EXERCISE REQUIREMENTS:
Could the records below please be retyped exactly, with their pictures left out?
[EXCERPTED DATA]
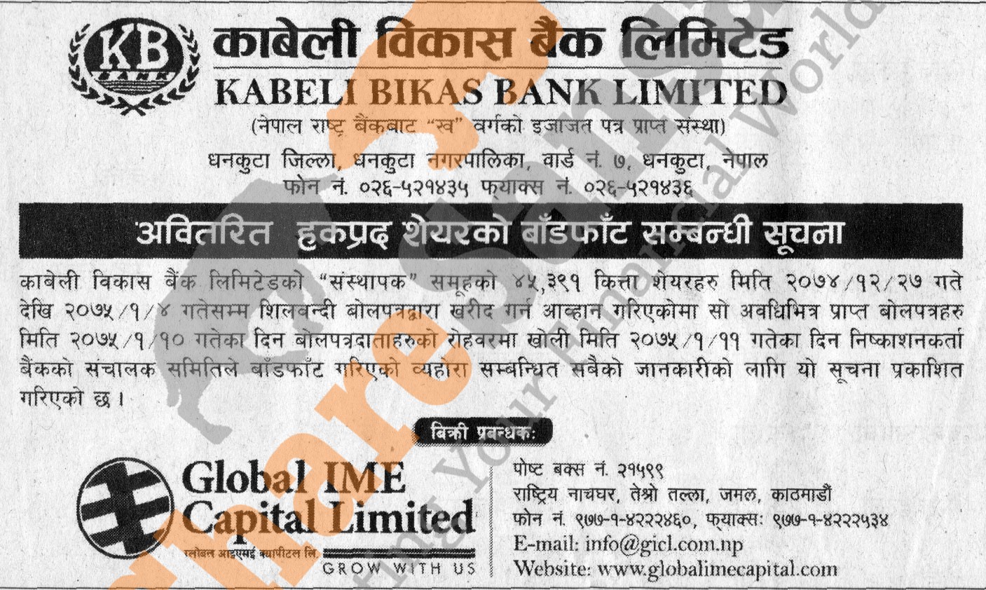 Kabeli Bikas Bank Limited has allotted its 45,391 units promoter shares in auction to general public on 11th Baisakh, 2075.
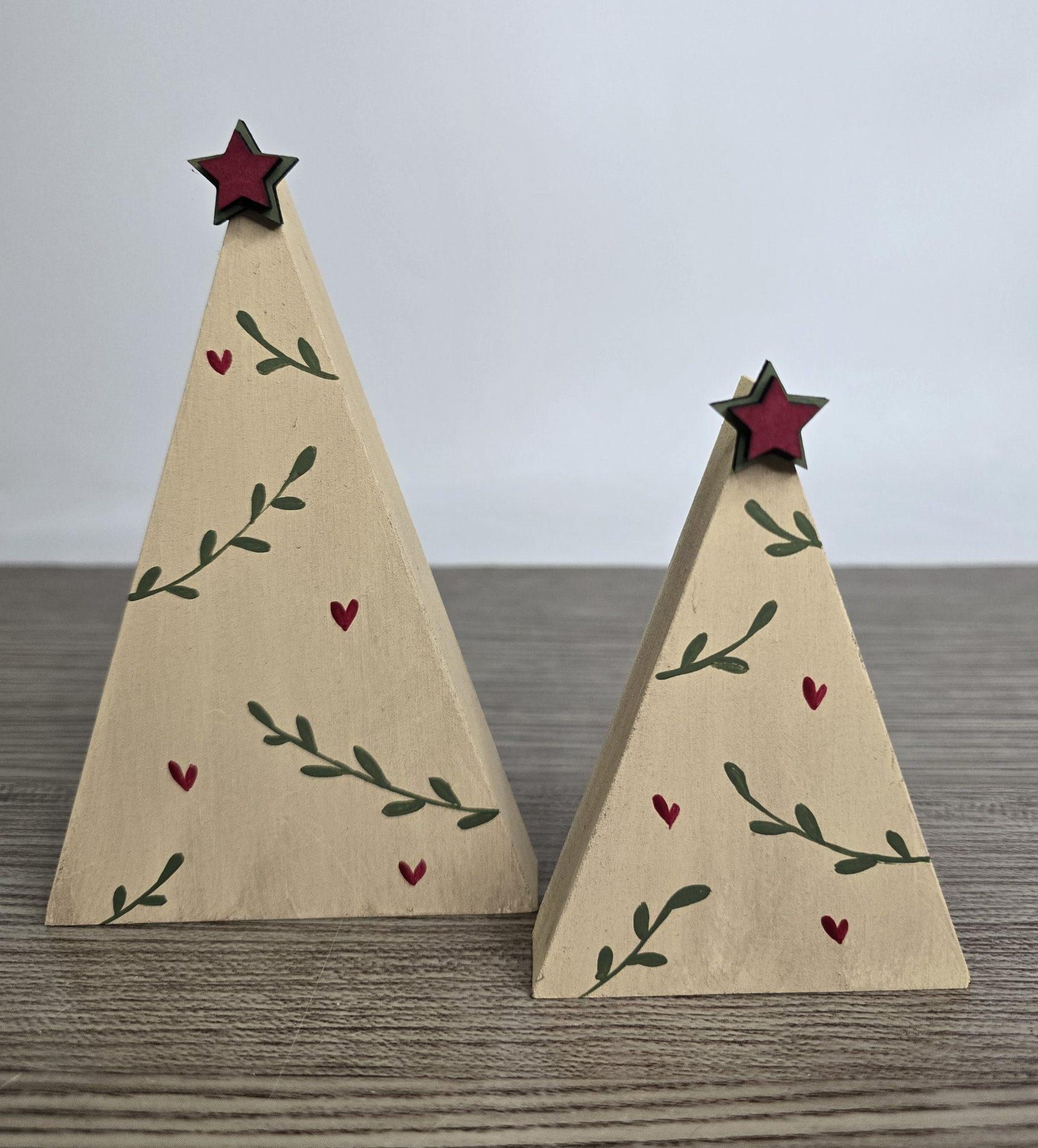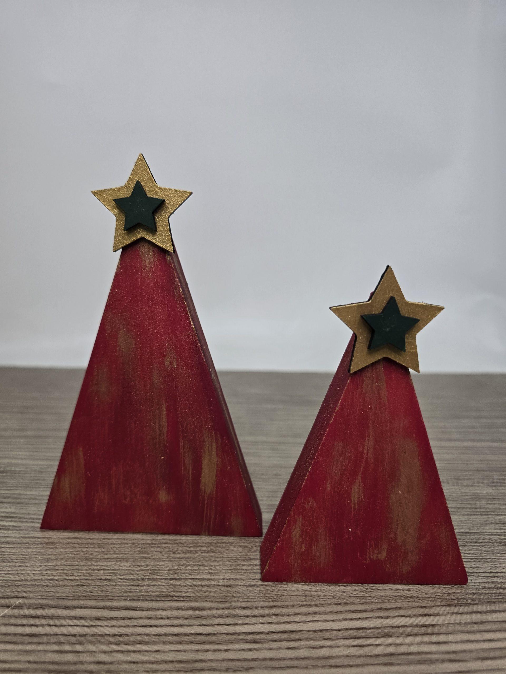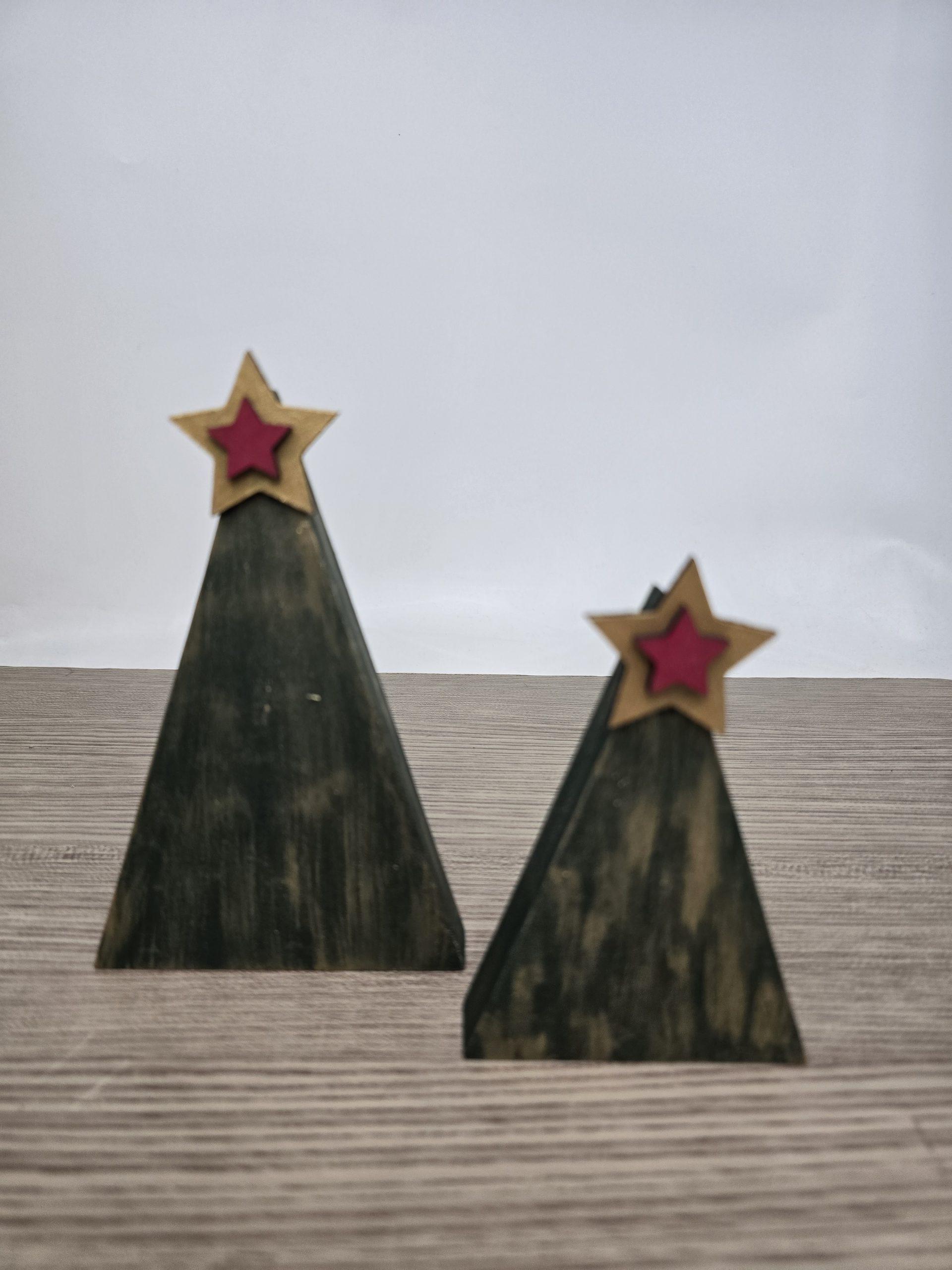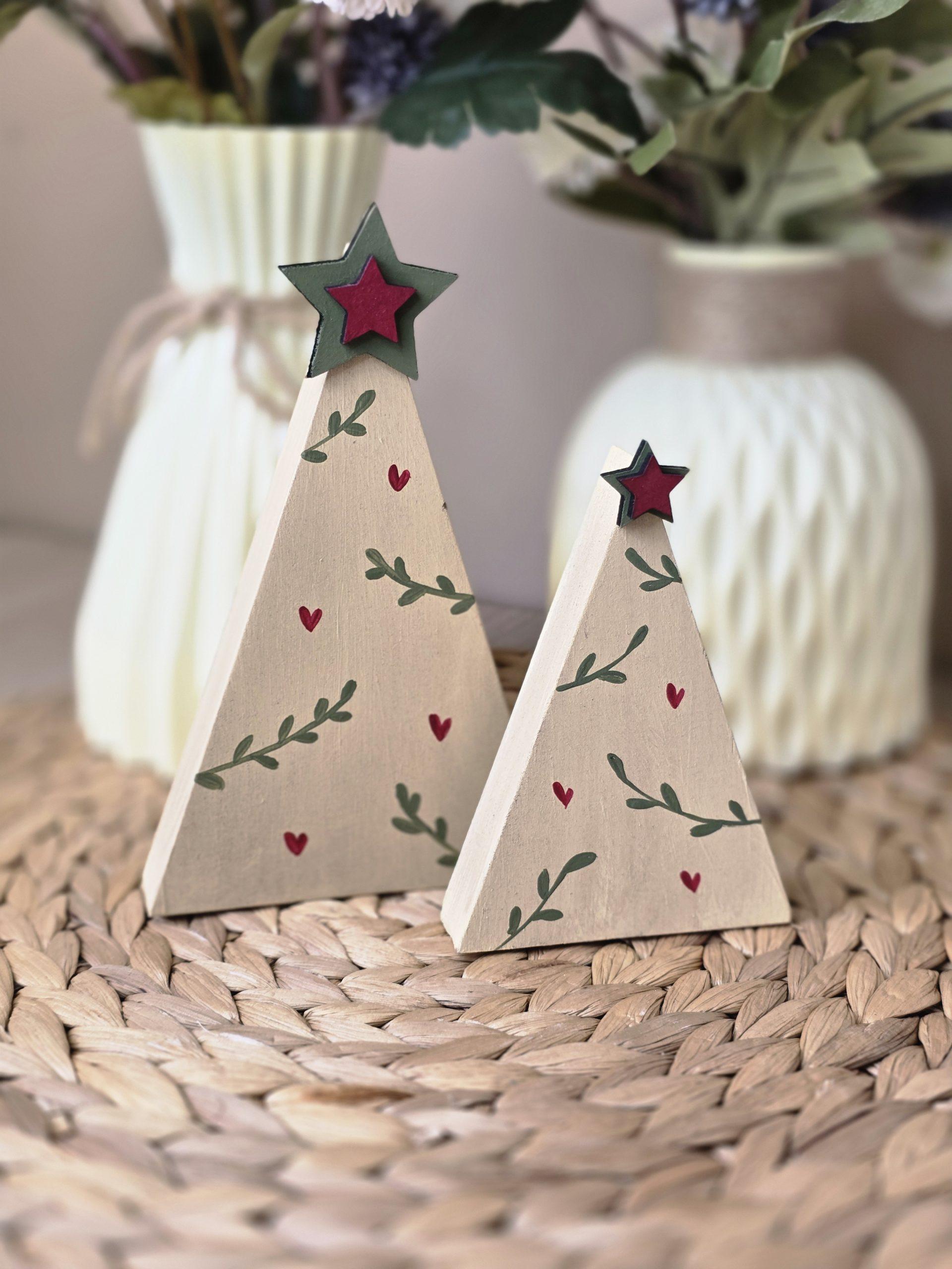 Árboles en madera de pino en dos tamaños y pintados a mano
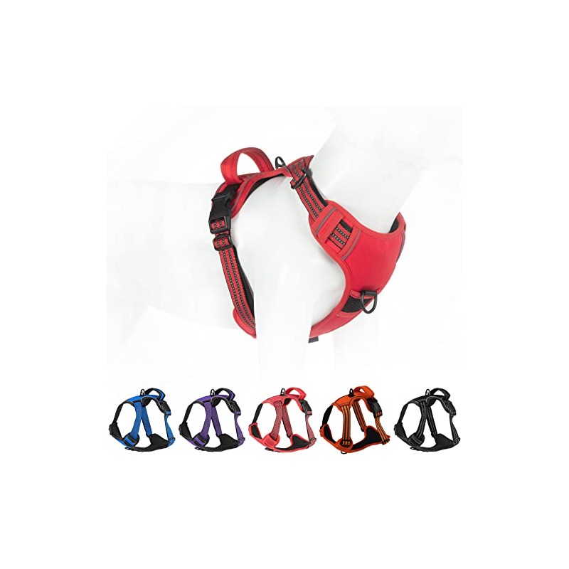 - No Pull & Better Control--The two clips on the back and chest of the dog harness allow you to guide your dog more easily. Especially for dogs who like to charge forward, the anti-pull dog harness is more comfortable than a collar. The padded handle at the top of the harness also allows you to safely control your dog and stop or direct his movements on the street, stairs or when getting out of the car.
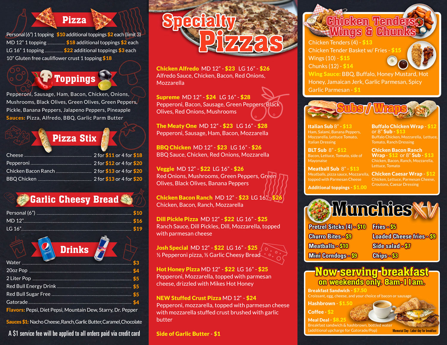 We put out stellar pizzas by using fresh ingredients, an amazing sauce and the best dough available. Our triple deck conveyor style oven is able to put out over 300 pizzas per hour, so there is less wait time from the time you place your order until you are consuming the island's best pizza.
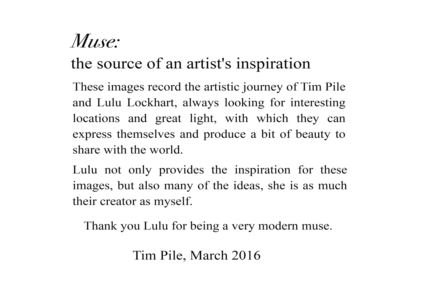 The word Muse is often misused, but looking at the dictionary definition I thought it fitted perfectly. Lulu does inspire me to produce images, but far more than that she is extremely pro-active in all aspects of the image-making process, making our shoots both immensely enjoyable and extremely productive, I hope that comes across in the introduction to the book.
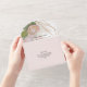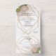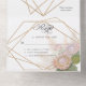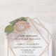 "Boho Floral Pampas Grass Protea Geometric Gold All in One Invitation." Elegant hand painted boho style floral design with protea blossoms, peony, white hydrangeas, leaf foliage and pampas grass greenery over a rose gold glitter geometric frame for a modern touch. Art by internationally licensed artist and designer, Audrey Jeanne Roberts, copyright.
[/EXCERPTED DATA]
REPLY:
 Kabeli Bikas Bank Limited has allotted its 45,391 units promoter shares in auction to general public on 11th Baisakh, 2075.
 Árboles en madera de pino en dos tamaños y pintados a mano
 - No Pull & Better Control--The two clips on the back and chest of the dog harness allow you to guide your dog more easily. Especially for dogs who like to charge forward, the anti-pull dog harness is more comfortable than a collar. The padded handle at the top of the harness also allows you to safely control your dog and stop or direct his movements on the street, stairs or when getting out of the car.
 We put out stellar pizzas by using fresh ingredients, an amazing sauce and the best dough available. Our triple deck conveyor style oven is able to put out over 300 pizzas per hour, so there is less wait time from the time you place your order until you are consuming the island's best pizza.
 The word Muse is often misused, but looking at the dictionary definition I thought it fitted perfectly. Lulu does inspire me to produce images, but far more than that she is extremely pro-active in all aspects of the image-making process, making our shoots both immensely enjoyable and extremely productive, I hope that comes across in the introduction to the book.
 "Boho Floral Pampas Grass Protea Geometric Gold All in One Invitation." Elegant hand painted boho style floral design with protea blossoms, peony, white hydrangeas, leaf foliage and pampas grass greenery over a rose gold glitter geometric frame for a modern touch. Art by internationally licensed artist and designer, Audrey Jeanne Roberts, copyright.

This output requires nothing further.